Quand il fut tranquille de ce côté : « Vous voyez bien, madame Snawley, dit-il : j’ai été le bienfaiteur de ce garçon-là, je l’ai nourri, instruit, vêtu, blanchi. J’ai été l’ami de ce garçon-là, son ami universel, classique, commercial, mathématique, philosophique et trigonométrique. Mon fils, Wackford, mon propre fils, a été pour lui un frère. Mme Squeers a été pour lui une mère, une grand’mère, une tante, ah ! je pourrais même dire un oncle, enfin tout. Elle n’a jamais élevé personne dans du coton, excepté vos deux charmants, vos deux délicieux petits enfants, comme elle a élevé ce garçon-là dans du coton. Eh bien ! quelle en est la récompense ? Je lui ai prodigué le lait de notre commune tendresse ; mais, maintenant, je sens, quand je le regarde, que ce lait-là tourne et s’aigrit sur mon cœur.
— C’est bien possible, monsieur, dit Mme Snawley, c’est bien possible.
— Mais où a-t-il été tout ce temps-là ? demanda Snawley, serait-il resté avec ?…
— Ah ! monsieur, dit Squeers en l’interrompant et se retournant vers Smike, êtes-vous resté avec ce démon de Nickleby, monsieur ? »
Mais ni questions ni taloches ne purent arracher là-dessus un mot de réponse à Smike. Il avait pris en lui-même la résolution de périr plutôt dans l’affreuse prison où il allait retourner, que de prononcer une syllabe qui pût compromettre son premier, son unique ami.

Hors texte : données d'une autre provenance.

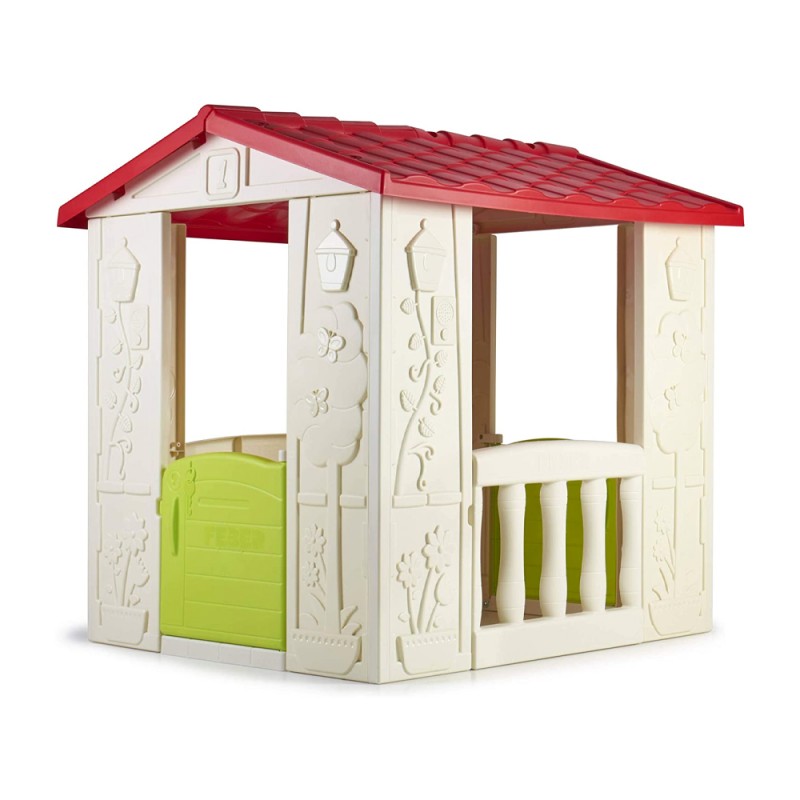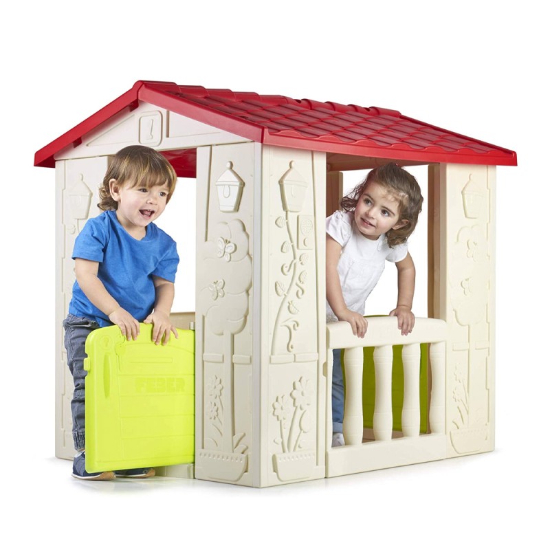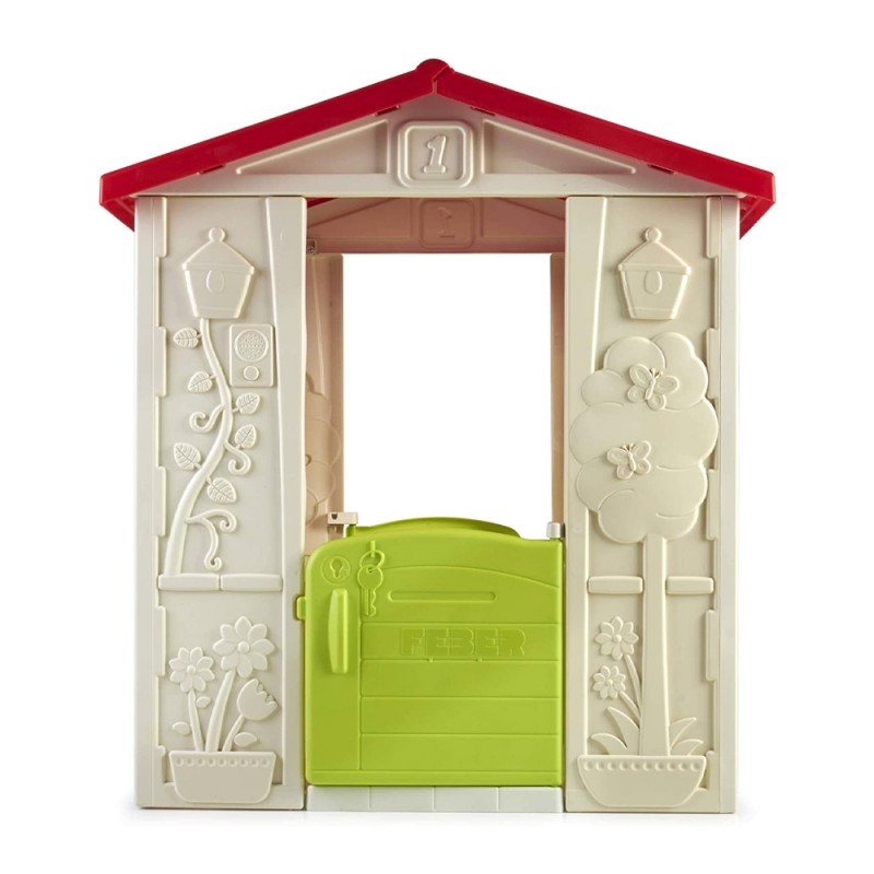 Happy House è una casetta costituita da 2 ingressi, anteriore e posteriore, con porta con maniglia e fessura per la chiave e cassetta delle lettere. Dispone di 2 balconi laterali e di una facciata ricca di dettagli.

Il avait eu le temps de se rappeler les recommandations que lui avait faites Nicolas en quittant le Yorkshire, de garder un profond secret sur sa vie passée. Il avait une idée vague et confuse que son bienfaiteur pouvait bien avoir commis un crime en l’emmenant, un crime terrible, qui l’exposerait à un châtiment redoutable s’il était découvert, et cette crainte avait aussi contribué à le mettre dans l’état de terreur stupide où il était retombé.
Telles étaient les pensées (si on peut donner ce nom aux visions imparfaites qui erraient sans suite dans son cerveau affaibli) qui vinrent assaillir l’esprit de Smike et le rendirent également sourd à l’éloquence persuasive de Squeers ou à ses procédés d’intimidation. Voyant tous ses efforts inutiles, M. Squeers le conduisit dans une petite chambre en haut sur le derrière, pour y passer la nuit ; puis, après avoir pris la précaution de lui faire quitter ses souliers, son gilet et son habit, et de fermer par-dessus lui la porte en dehors, dans le cas peu vraisemblable où il retrouverait l’énergie de tenter encore une évasion, le digne gentleman l’abandonna à ses réflexions.

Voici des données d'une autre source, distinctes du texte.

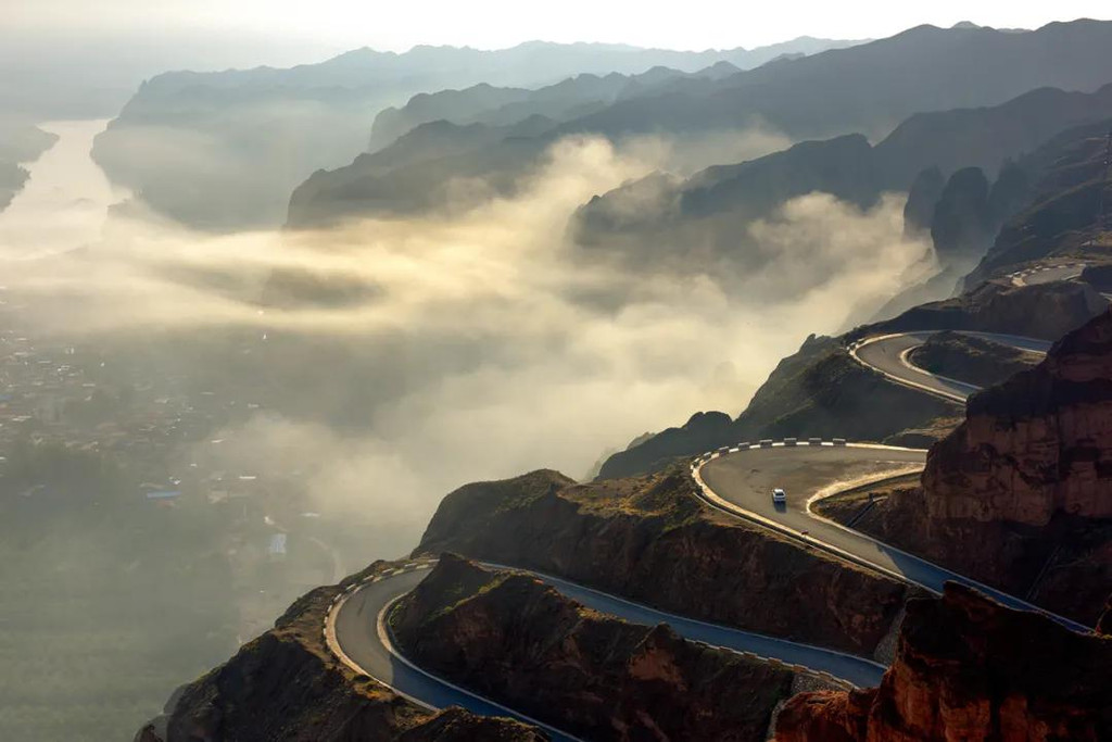 二十二道弯是一条修在绝壁上的路,一面是惊险刺激的“山路二十二弯”,另一面则是万千山峰的嵯峨叠障、万千沟壑的峰回路转。
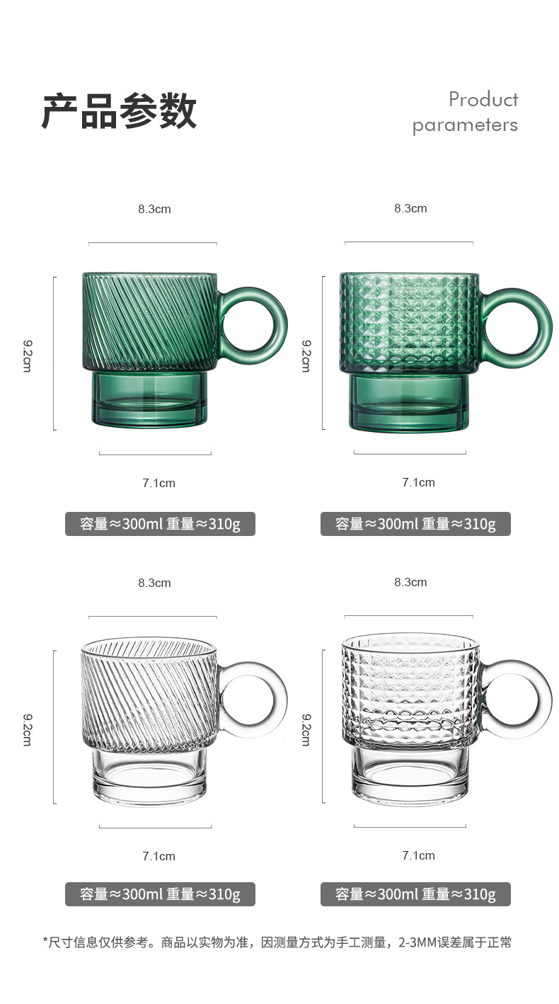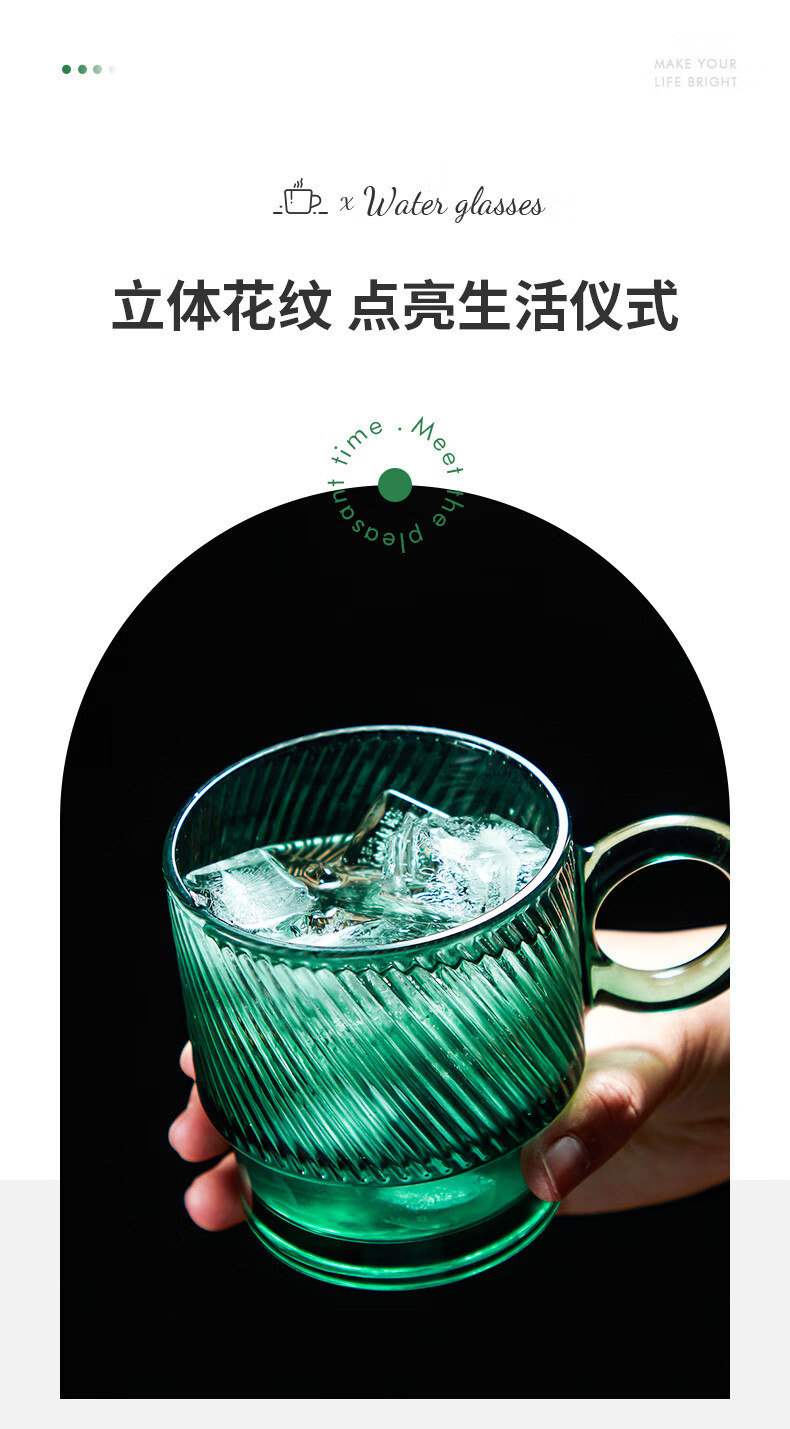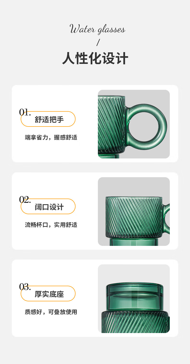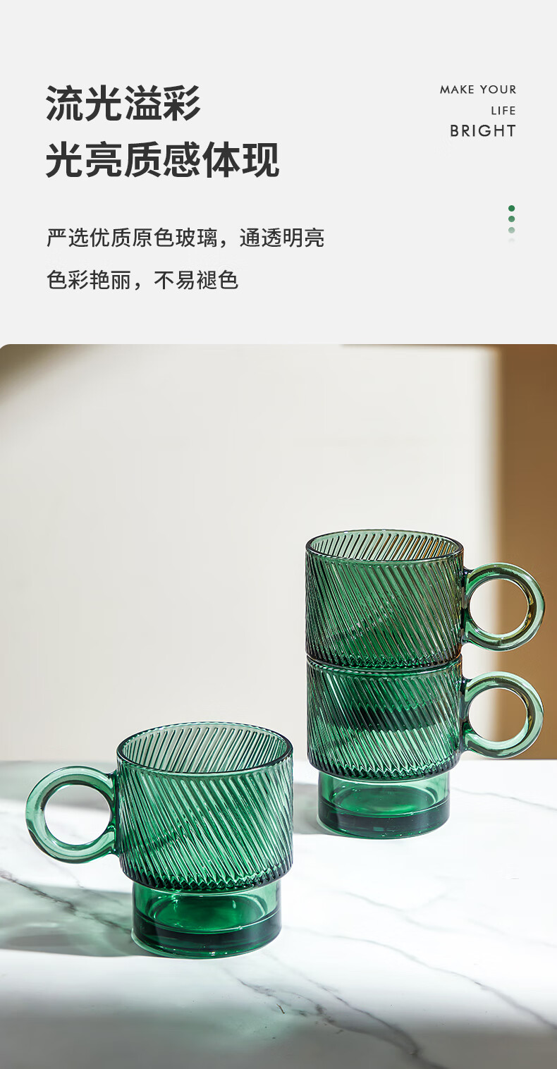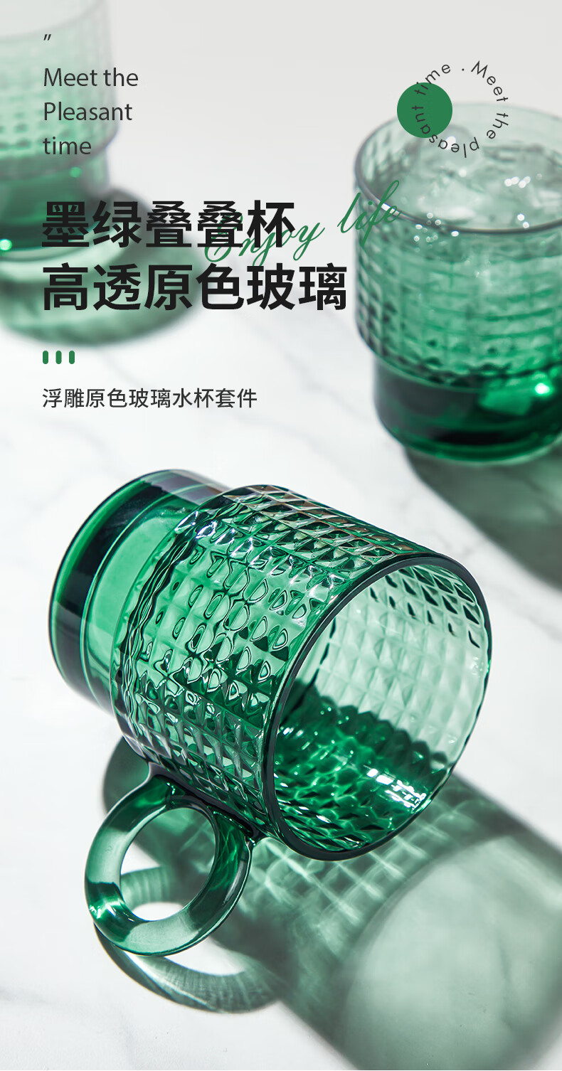 乐唯诗墨绿原色玻璃杯家用大容量喝水杯子女生高颜值带把手叠叠杯饮料杯 乐雅叠叠杯【斜纹透明】 300ml 2只

Ces réflexions, personne ne peut dire ce qu’elles étaient, ce que fut le désespoir de cette pauvre créature quand il retomba dans ses pensées uniques, dans le souvenir récent de sa dernière demeure, des amis si chers, des visages si doux qu’il y laissait. Il entrevoyait tous ces rêves dans une espèce d’engourdissement douloureux, sommeil lourd et pénible d’une intelligence qui n’avait pu se développer sous le régime de cruautés dont il avait été victime dans sa première enfance. Combien il faut pour cela d’années de souffrances et de misère, sans rayon d’espérance ! Comme il faut que ces cordes du cœur, qui vibrent une prompte réponse à la douceur et à l’affection, se soient rouillées ou brisées dans leurs secrètes attaches, sans avoir même à renvoyer l’écho languissant de quelque vieux chant de bonheur ou d’amour ! Comme il faut qu’il ait été sombre, le jour, le triste jour où cette lueur à peine apparue dans l’esprit s’est ensevelie à tout jamais dans les ombres d’un long crépuscule, d’une nuit plus sombre et plus triste encore !

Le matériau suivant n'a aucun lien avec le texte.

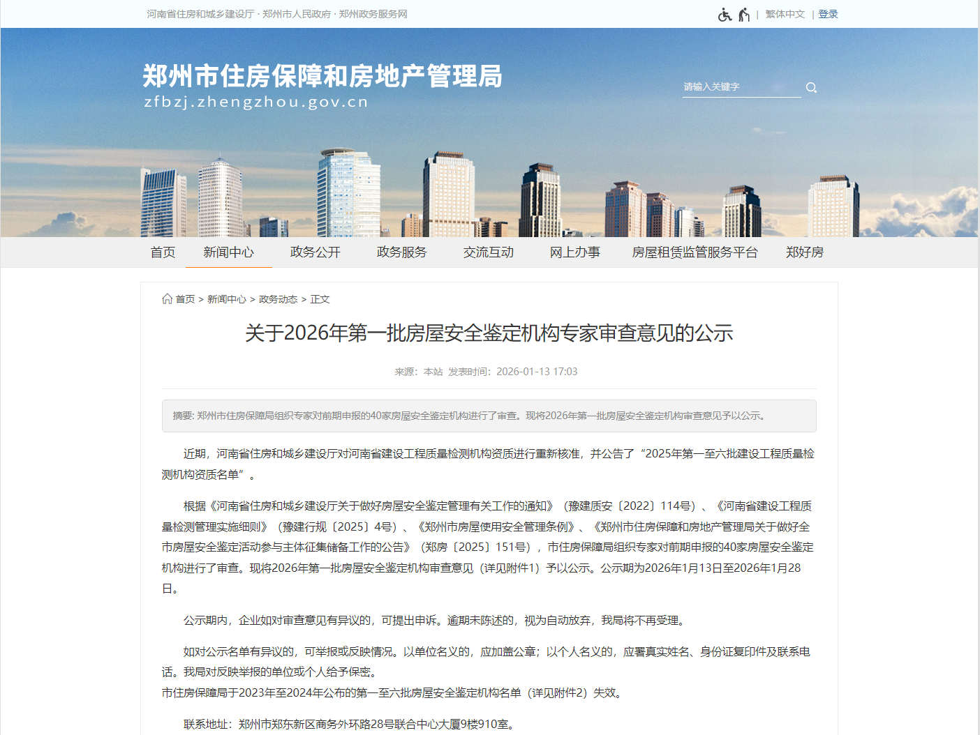 开封市房屋安全鉴定机构名录登记证书
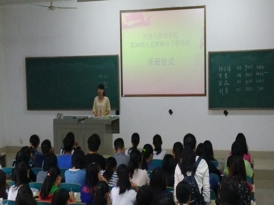 10月26号上午9:30到11:40,下午4:00到5:40,经管学院第24期入党积极分子党课开班仪式及第一堂党课在综合教学楼A203教室顺利开展,我院党委书记杨华峰、马克思主义学院刘保国与我院心理辅导员李丽兰出席。
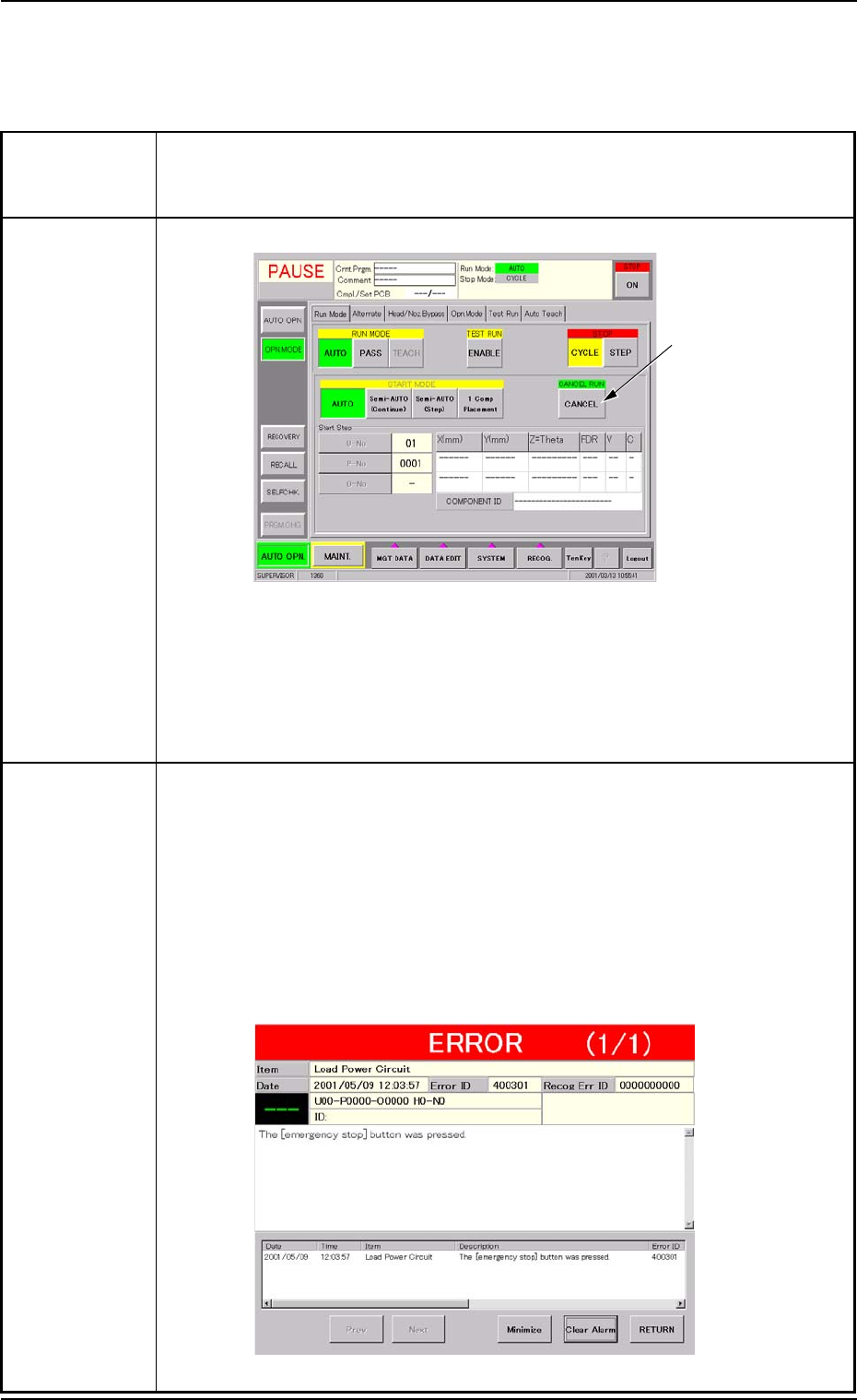 Cause (Cause 1) The [CANCEL] button was pressed.

Pourtant, même alors, il aurait pu se réveiller peut-être au son de certaines voix aimées, mais elles ne pouvaient pénétrer jusqu’à lui. Aussi, quand il se glissa à tâtons dans son lit, il était redevenu déjà la même créature insouciante, découragée, flétrie, que Nicolas avait trouvée et transformée en arrivant à Dotheboys-Hall.